YOUR GOAL: Copy every line of the data below exactly as given, except for the pictures.

=== Section Start ===

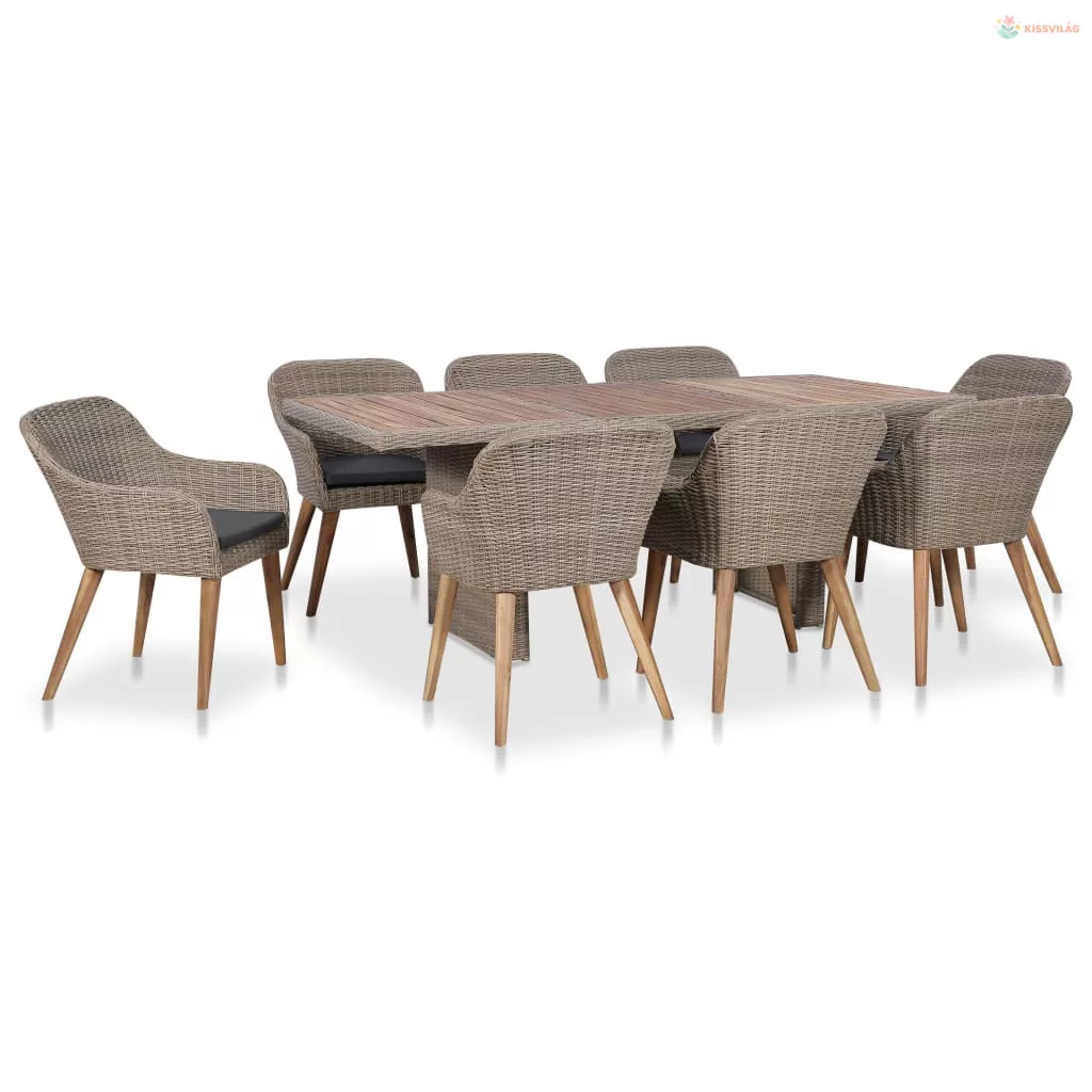 9 részes kültéri polyrattan étkezőgarnitúra párnákkal
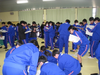 30日(金)、令和8年度入学生の保護者に対する説明会が行われました。たくさんの保護者の方に南中について知っていただくことができました。放課後、来月7日(土)に行われるいばらきっ子郷土検定郷土検定県大会に出場する2年生の代表メンバーが練習に励んでいます。教員が出題する難問題に、早押しボタンを用いて答えていました。 |
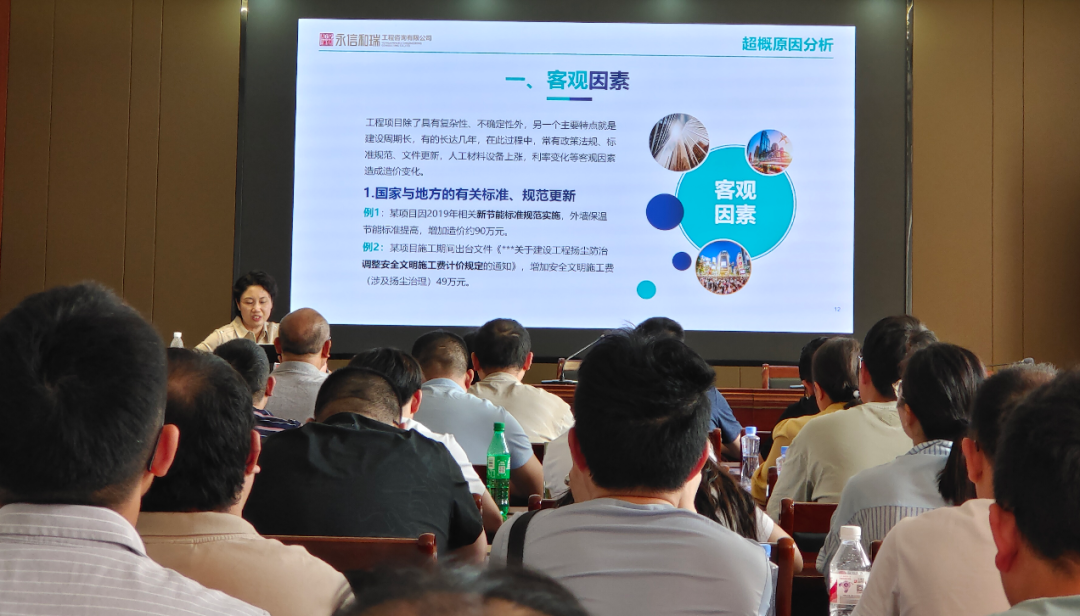 培訓由永信和瑞項目管理咨詢部總經(jīng)理黃浩浩主講。她以“政府投資項目超概原因分析及控制措施”為主題,結合豐富的案例和翔實的數(shù)據(jù),從多個角度抽絲剝繭,深入分析了導致超概的原因。她指出,因工程項目的不確定性,超概原因既有客觀層面的,但更多是因缺乏整體管控思路、管理不善造成的。接著,黃總進一步從監(jiān)管層面和操作層面提出了多項控制措施。她認為,對于政府層面而言,有必要出臺詳細的、切實可行的政策文件,用以規(guī)范管理、壓實各方責任;對于建設單位而言,必須在整體管控的框架下開展工作,作為游戲規(guī)則的制定者,要將主動權把握在自己手上。最后,黃總提出,讓所有的參建單位均以實現(xiàn)項目增值為目的,共同確定和追求項目的整體目標,確保參建各方都能獲取應有的利益,共創(chuàng)多贏局面,實現(xiàn)正和博弈,這便是我們作為咨詢?nèi)说氖姑A得了在場學員的高度評價。
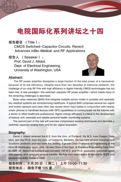 Speaker: Prof. David J. Allstot, Dept. of Electrical Engineering, University of Washington, USA
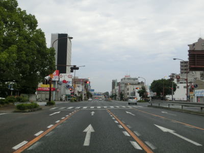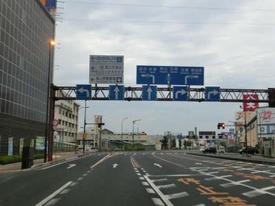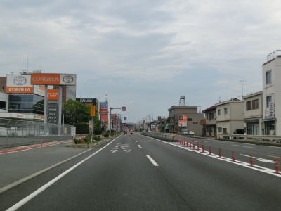 | 西桜町1交差点を過ぎると左側に車線が増えて片側3車線道路になる。その左端車線は7〜9時の間はバス・タクシー・2輪車の専用車線となっている。また、西桜町1東交差点からは自転車通行止規制が敷かれている。と言っても車道を走るのが禁止されているだけで歩道を走行する事ができる。福山市役所の南東で福山郵便局前交差点を通過するが、左折して北上すれば山陽新幹線・JR山陽本線・福塩線の福山駅に行く事ができる。 | ||
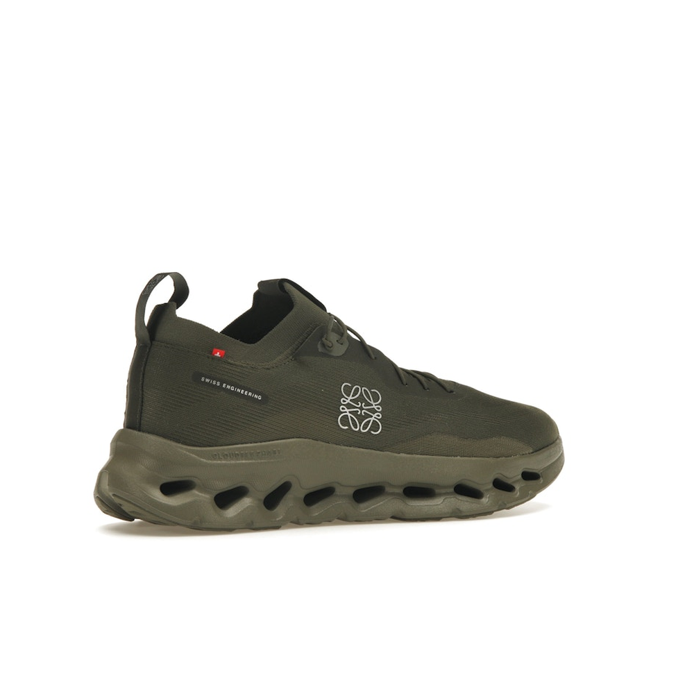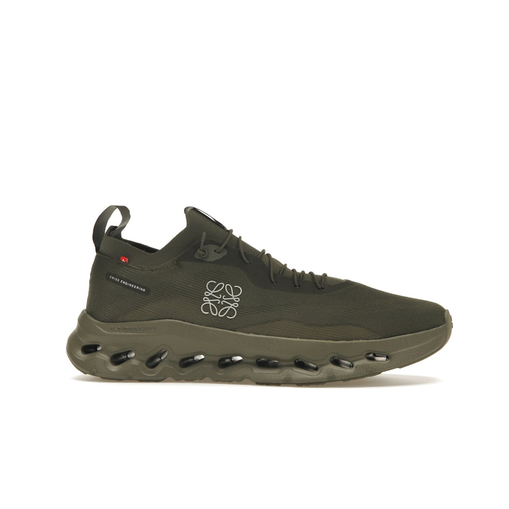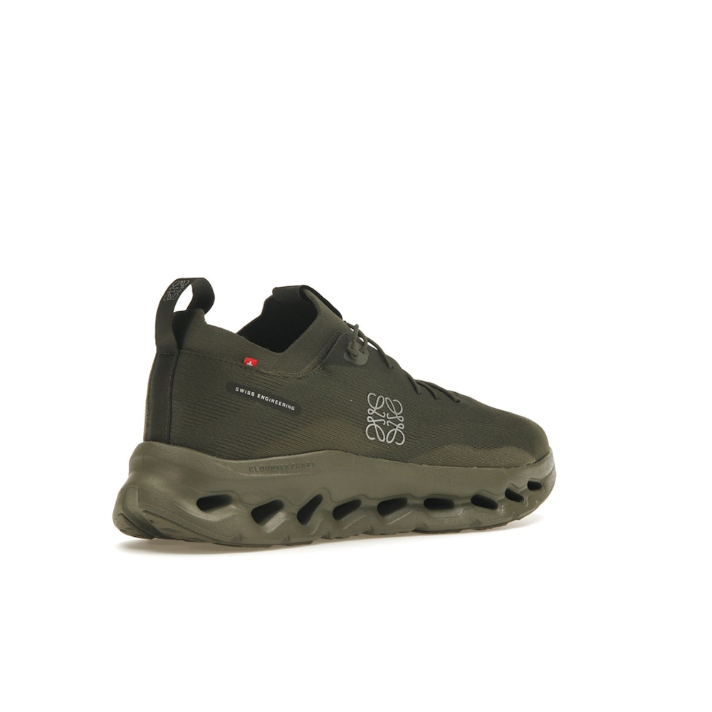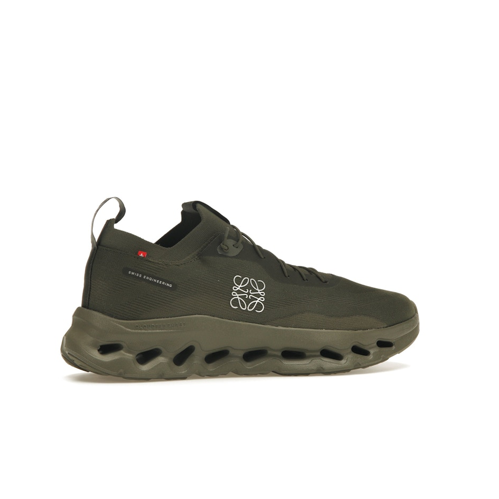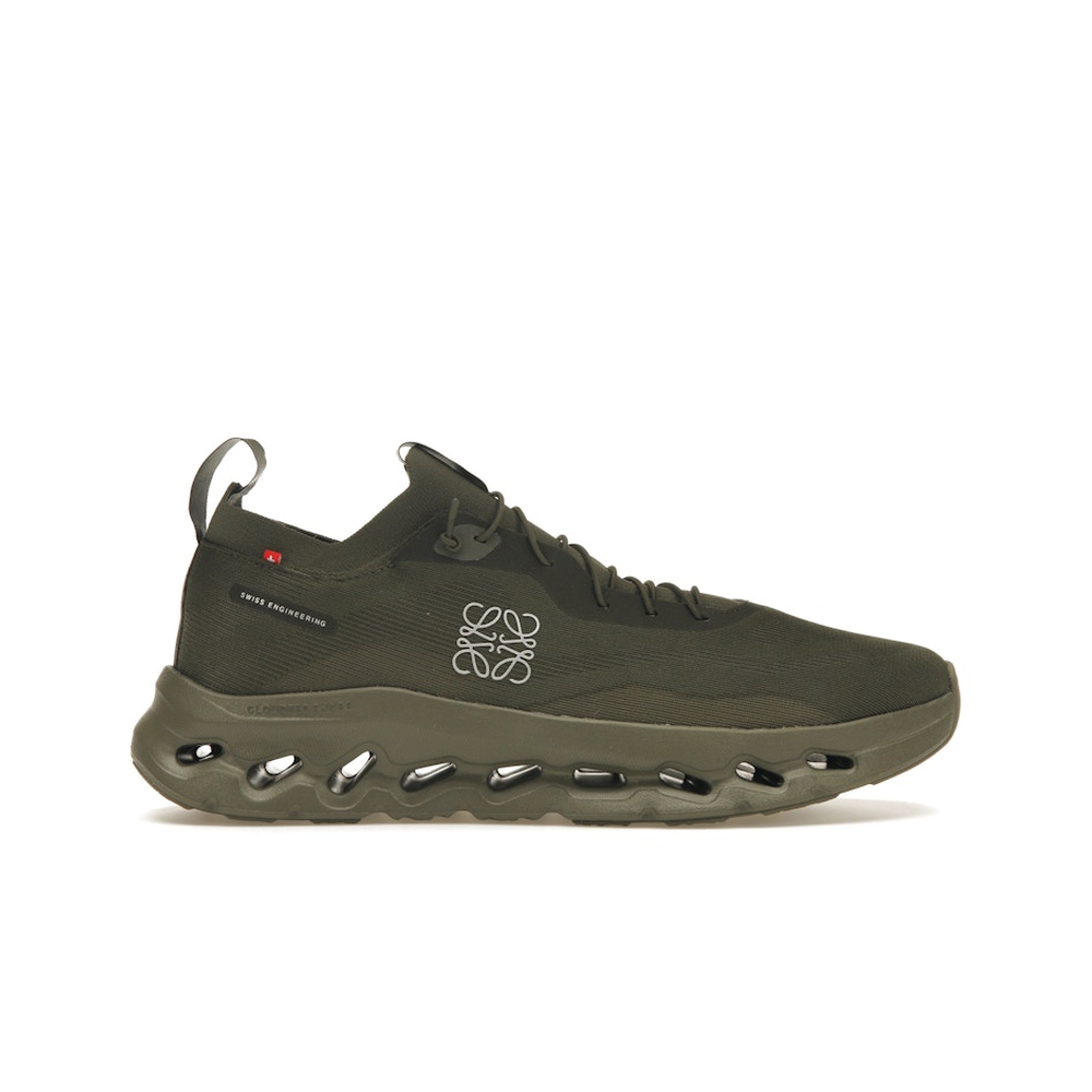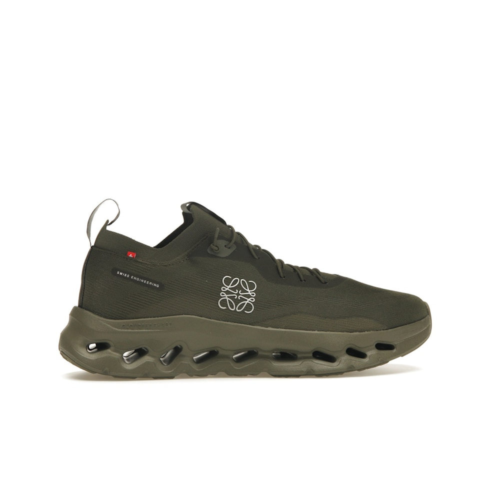 Experience effortless style and elite performance with the On Running Cloudtilt Loewe Khaki Green. This high-end sneaker is the result of a visionary collaboration between Swiss tech innovator On Running and Spanish luxury label Loewe, designed for those who move with intention and style. Crafted with a breathable, recycled polyester mesh upper in a refined khaki green, this shoe blends natural tones with futuristic function. Featuring CloudTec Phase midsole technology, it offers smooth, adaptive cushioning for all-day comfort. With subtle co-branding, modern speed lacing, and sustainable construction, the On Running Cloudtilt Loewe Khaki Green stands out as a go-to choice for those who demand fashion-forward performance.
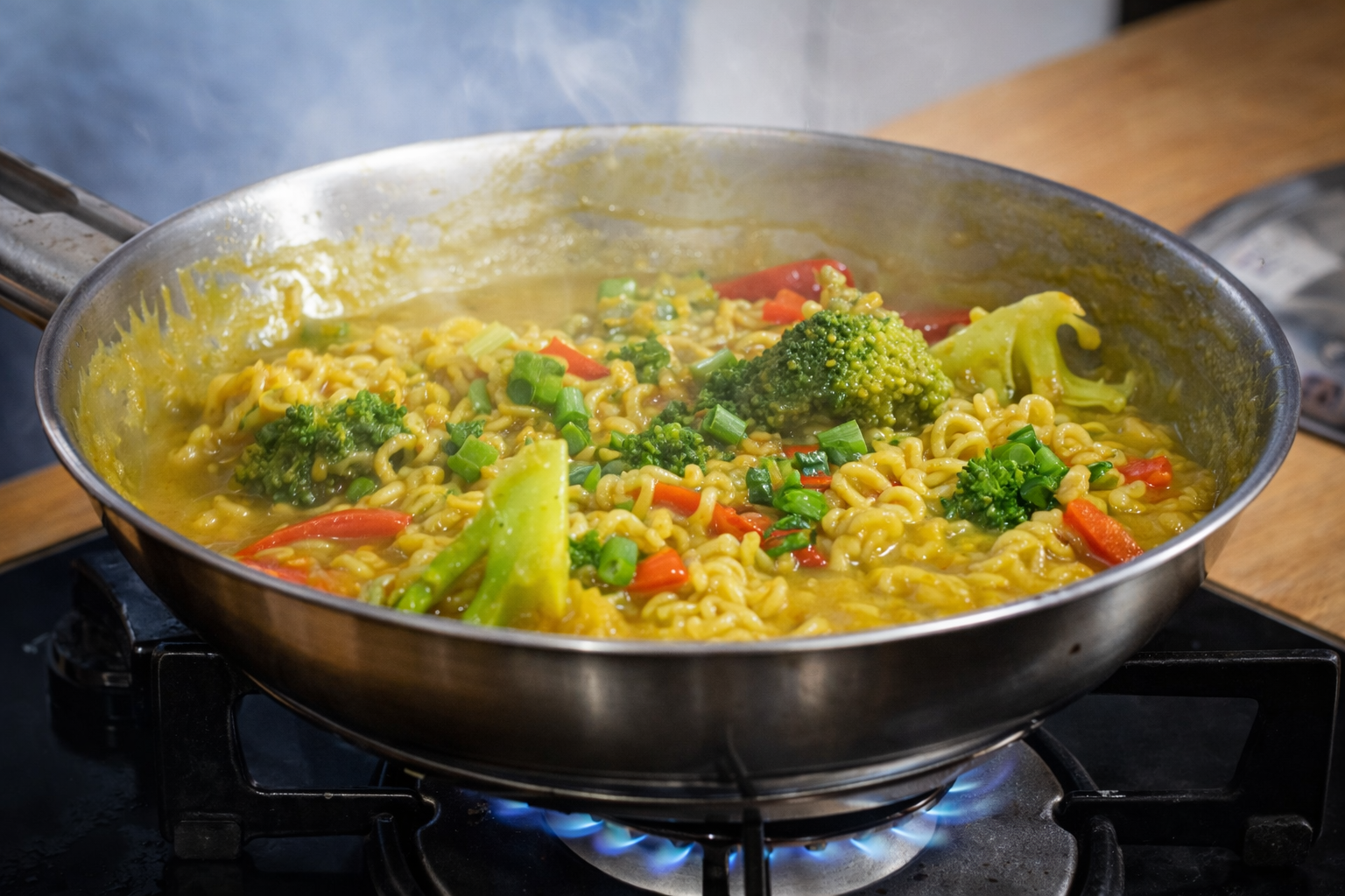 Aprenda como fazer miojo ao curry com leite de coco, brócolis e pimentão. Receita rápida,…
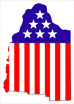Description: A map of Gilchrist made of stars and stripes bunting. Suitable for the following themes: Gilchrist government, politics, patriotic, elections. These maps are in the GIF format and have a white background. You can use them in your presentations, reports, and Web pages. There is also a link to a high-resolution TIFF version of the map if you need to print a very large, high-quality image. For any project such as a presentation or a web page that will be displayed on a computer, you should use the GIF versions displayed above, not the TIFF version.
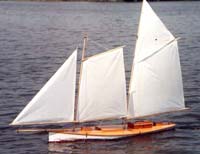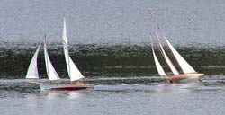 The other sharpie I choose to write about is a model in Maryland, USA, this one a schooner built, tried, tested and successfully raced at races staged by the Great Schooner Model Society and the US Vintage Model Yacht Group by George Surgent of Seaworthy Small Ships. His schooner (seen below) is called Bay Boy and was inspired by an article in WoodenBoat magazine some years back on the Carolina sharpie schooners of old. A long time sharpie fan he built the model in 1998. It has sleek lines, is low to the water and always proves when sailed in competition how damn fast she/he (well sometimes, these days you can’t tell!) it really is. Bay Boy has had some truly memorable close battles with South Carolina’s Andrew Charters larger schooner of Fife design, Cicely, one of those tussles captured below.
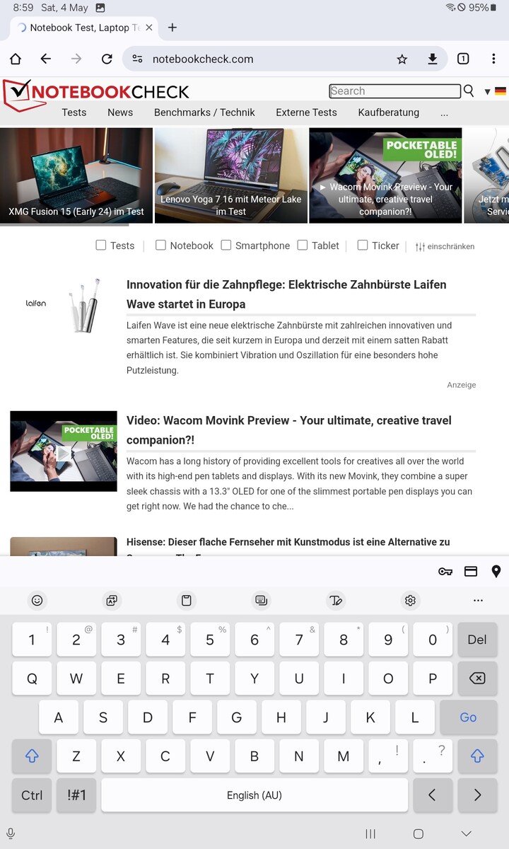 在我们的 WiFi 测试中,使用激活的 5 GHz 连接,传输速度仍然低于 500 MBit/s,这可能表明没有集成所宣传的 VHT80 频道。相比之下 Galaxy A34 5G在使用 VHT80 时的最高传输速率接近 700 MBit/s。在使用我们的参考路由器华硕 ROG Rapture GT-AXE11000 时测得的传输速率比较稳定,但仍明显低于 WiFi6 竞争对手(例如:华硕 ROG Rapture GT-AXE11000)。小米 Pad 6, Galaxy Tab S9 FE).
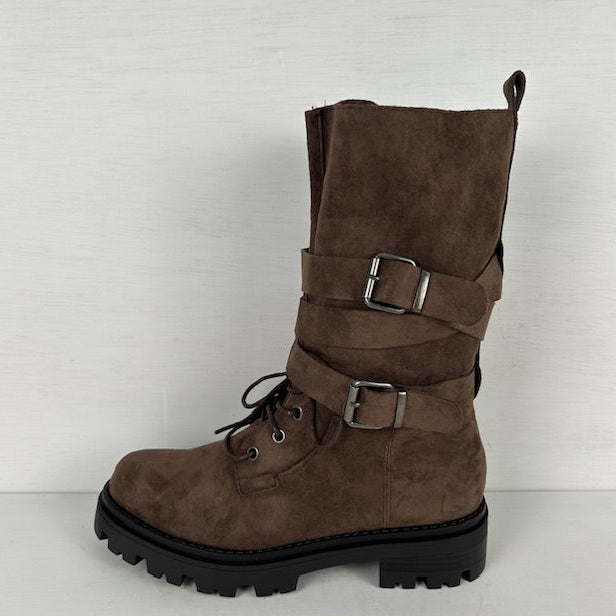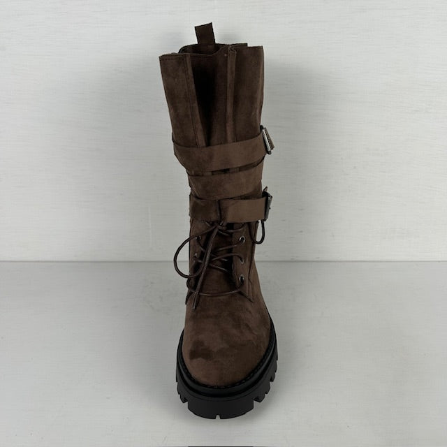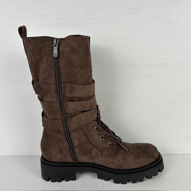 Wat een gave laarzen! De laarzen zijn gemaakt van sùedine en zijn stoer afgewerkt met gespjes en een stoere zool. Ze vallen op maat een hebben een rits aan de binnenkant voor de eenvoudige instap.

=== Section End ===

FINISHED TASK:
 9 részes kültéri polyrattan étkezőgarnitúra párnákkal
 30日(金)、令和8年度入学生の保護者に対する説明会が行われました。たくさんの保護者の方に南中について知っていただくことができました。放課後、来月7日(土)に行われるいばらきっ子郷土検定郷土検定県大会に出場する2年生の代表メンバーが練習に励んでいます。教員が出題する難問題に、早押しボタンを用いて答えていました。 |
 培訓由永信和瑞項目管理咨詢部總經(jīng)理黃浩浩主講。她以“政府投資項目超概原因分析及控制措施”為主題,結合豐富的案例和翔實的數(shù)據(jù),從多個角度抽絲剝繭,深入分析了導致超概的原因。她指出,因工程項目的不確定性,超概原因既有客觀層面的,但更多是因缺乏整體管控思路、管理不善造成的。接著,黃總進一步從監(jiān)管層面和操作層面提出了多項控制措施。她認為,對于政府層面而言,有必要出臺詳細的、切實可行的政策文件,用以規(guī)范管理、壓實各方責任;對于建設單位而言,必須在整體管控的框架下開展工作,作為游戲規(guī)則的制定者,要將主動權把握在自己手上。最后,黃總提出,讓所有的參建單位均以實現(xiàn)項目增值為目的,共同確定和追求項目的整體目標,確保參建各方都能獲取應有的利益,共創(chuàng)多贏局面,實現(xiàn)正和博弈,這便是我們作為咨詢?nèi)说氖姑A得了在場學員的高度評價。
 Speaker: Prof. David J. Allstot, Dept. of Electrical Engineering, University of Washington, USA
 | 西桜町1交差点を過ぎると左側に車線が増えて片側3車線道路になる。その左端車線は7〜9時の間はバス・タクシー・2輪車の専用車線となっている。また、西桜町1東交差点からは自転車通行止規制が敷かれている。と言っても車道を走るのが禁止されているだけで歩道を走行する事ができる。福山市役所の南東で福山郵便局前交差点を通過するが、左折して北上すれば山陽新幹線・JR山陽本線・福塩線の福山駅に行く事ができる。 | ||
 Experience effortless style and elite performance with the On Running Cloudtilt Loewe Khaki Green. This high-end sneaker is the result of a visionary collaboration between Swiss tech innovator On Running and Spanish luxury label Loewe, designed for those who move with intention and style. Crafted with a breathable, recycled polyester mesh upper in a refined khaki green, this shoe blends natural tones with futuristic function. Featuring CloudTec Phase midsole technology, it offers smooth, adaptive cushioning for all-day comfort. With subtle co-branding, modern speed lacing, and sustainable construction, the On Running Cloudtilt Loewe Khaki Green stands out as a go-to choice for those who demand fashion-forward performance.
 Aprenda como fazer miojo ao curry com leite de coco, brócolis e pimentão. Receita rápida,…
Description: A map of Gilchrist made of stars and stripes bunting. Suitable for the following themes: Gilchrist government, politics, patriotic, elections. These maps are in the GIF format and have a white background. You can use them in your presentations, reports, and Web pages. There is also a link to a high-resolution TIFF version of the map if you need to print a very large, high-quality image. For any project such as a presentation or a web page that will be displayed on a computer, you should use the GIF versions displayed above, not the TIFF version.
 The other sharpie I choose to write about is a model in Maryland, USA, this one a schooner built, tried, tested and successfully raced at races staged by the Great Schooner Model Society and the US Vintage Model Yacht Group by George Surgent of Seaworthy Small Ships. His schooner (seen below) is called Bay Boy and was inspired by an article in WoodenBoat magazine some years back on the Carolina sharpie schooners of old. A long time sharpie fan he built the model in 1998. It has sleek lines, is low to the water and always proves when sailed in competition how damn fast she/he (well sometimes, these days you can’t tell!) it really is. Bay Boy has had some truly memorable close battles with South Carolina’s Andrew Charters larger schooner of Fife design, Cicely, one of those tussles captured below.
 在我们的 WiFi 测试中,使用激活的 5 GHz 连接,传输速度仍然低于 500 MBit/s,这可能表明没有集成所宣传的 VHT80 频道。相比之下 Galaxy A34 5G在使用 VHT80 时的最高传输速率接近 700 MBit/s。在使用我们的参考路由器华硕 ROG Rapture GT-AXE11000 时测得的传输速率比较稳定,但仍明显低于 WiFi6 竞争对手(例如:华硕 ROG Rapture GT-AXE11000)。小米 Pad 6, Galaxy Tab S9 FE).
 Wat een gave laarzen! De laarzen zijn gemaakt van sùedine en zijn stoer afgewerkt met gespjes en een stoere zool. Ze vallen op maat een hebben een rits aan de binnenkant voor de eenvoudige instap.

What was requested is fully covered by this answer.